Greenplum Database Supported Character Set

The character set support in Greenplum Database allows you to store text in a variety of character sets, including single-byte character sets such as the ISO 8859 series and multiple-byte character sets such as EUC (Extended Unix Code), UTF-8, and Mule internal code. All supported character sets can be used transparently by clients, but a few are not supported for use within the server (that is, as a server-side encoding). The default character set is selected while initializing your Greenplum Database array using gpinitsystem.
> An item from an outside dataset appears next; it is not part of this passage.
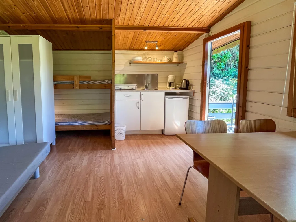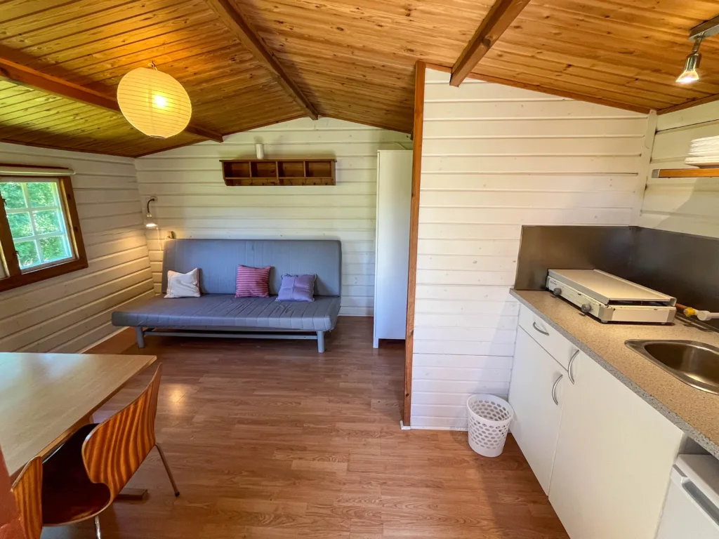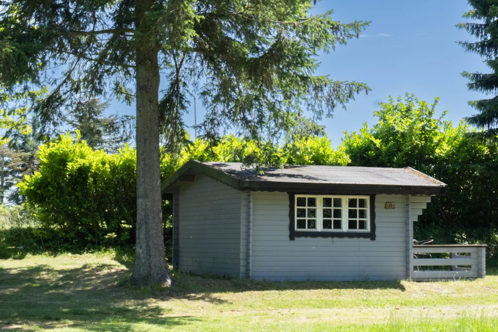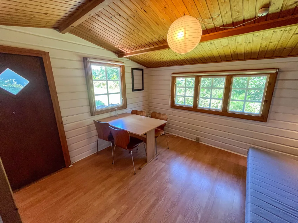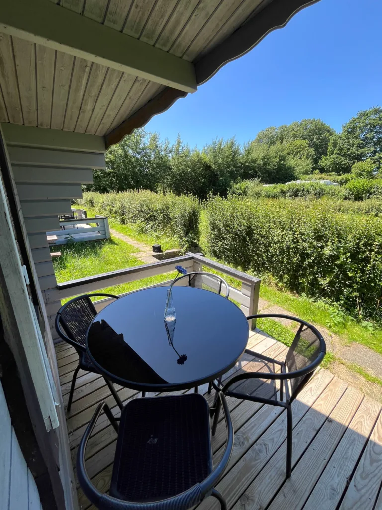 Oplev ægte hygge i vores granhytter på Hyttevej, omgivet af natur og med udsigt over en lille dam. Slap af på den solrige terrasse og nyd roen.

It can be overridden when you create a database, so you can have multiple databases each with a different character set.

See also

 Name Description Language Server? Bytes/Char Aliases
 BIG5 Big Five Traditional Chinese No 1-2 WIN950, Windows950
 EUC_CN Extended UNIX Code-CN Simplified Chinese Yes 1-3 
 EUC_JP Extended UNIX Code-JP Japanese Yes 1-3 
 EUC_KR Extended UNIX Code-KR Korean Yes 1-3 
 EUC_TW Extended UNIX Code-TW Traditional Chinese, Taiwanese Yes 1-3  
 GB18030 National Standard Chinese No 1-2 
 GBK Extended National Standard Simplified Chinese No 1-2 WIN936, Windows936
 ISO_8859_5 ISO 8859-5, ECMA 113 Latin/Cyrillic Yes     1 
 ISO_8859_6 ISO 8859-6, ECMA 114 Latin/Arabic Yes 1 
 ISO_8859_7 ISO 8859-7, ECMA 118 Latin/Greek Yes 1 
 ISO_8859_8 ISO 8859-8, ECMA 121 Latin/Hebrew Yes 1 
 JOHAB JOHA Korean (Hangul) Yes 1-3 
 KOI8 KOI8-R(U) Cyrillic Yes 1 KOI8R
 LATIN1 ISO 8859-1, ECMA 94 Western European Yes 1 ISO88591
 LATIN2 ISO 8859-2, ECMA 94 Central European Yes 1 ISO88592
 LATIN3 ISO 8859-3, ECMA 94 South European Yes 1 ISO88593
 LATIN4 ISO 8859-4, ECMA 94 North European Yes 1 ISO88594
 LATIN5 ISO 8859-9, ECMA 128 Turkish Yes 1 ISO88599
 LATIN6 ISO 8859-10, ECMA 144 Nordic Yes 1 ISO885910
 LATIN7 ISO 8859-13 Baltic Yes 1 ISO885913
 LATIN8 ISO 8859-14 Celtic Yes 1 ISO885914
 LATIN9 ISO 8859-15 LATIN1 with Euro and accents Yes 1 ISO885915
 LATIN10 ISO 8859-16, ASRO SR 14111 Romanian Yes     1 ISO885916
 MULE_INTERNAL Mule internal code Multilingual Emacs Yes 1-4 
 SJIS Shift JIS Japanese No 1-2 Mskanji, ShiftJIS, WIN932, Windows932
 SQL_ASCII unspecified2 any No 1 
 UHC Unified Hangul Code Korean No 1-2 WIN949, Windows949
 UTF8 Unicode, 8-bit all Yes 1-4 Unicode
 WIN866 Windows CP866 Cyrillic Yes 1 ALT
 WIN874 Windows CP874 Thai Yes 1 
 WIN1250 Windows CP1250 Central European Yes 1 
 WIN1251 Windows CP1251 Cyrillic Yes 1 WIN
 WIN1252 Windows CP1252  Western European Yes 1 
 WIN1253 Windows CP1253 Greek Yes 1 
 WIN1254 Windows CP1254 Turkish Yes 1 
 WIN1255 Windows CP1255 Hebrew Yes 1 
 WIN1256 Windows CP1256 Arabic Yes 1 
 WIN1257 Windows CP1257 Baltic Yes 1 
 WIN1258 Windows CP1258 Vietnamese Yes 1 ABC, TCVN, TCVN5712, VSCII

1. Not all APIs support all the listed character sets. For example, the JDBC driver does not support MULE_INTERNAL, LATIN6, LATIN8, and LATIN10.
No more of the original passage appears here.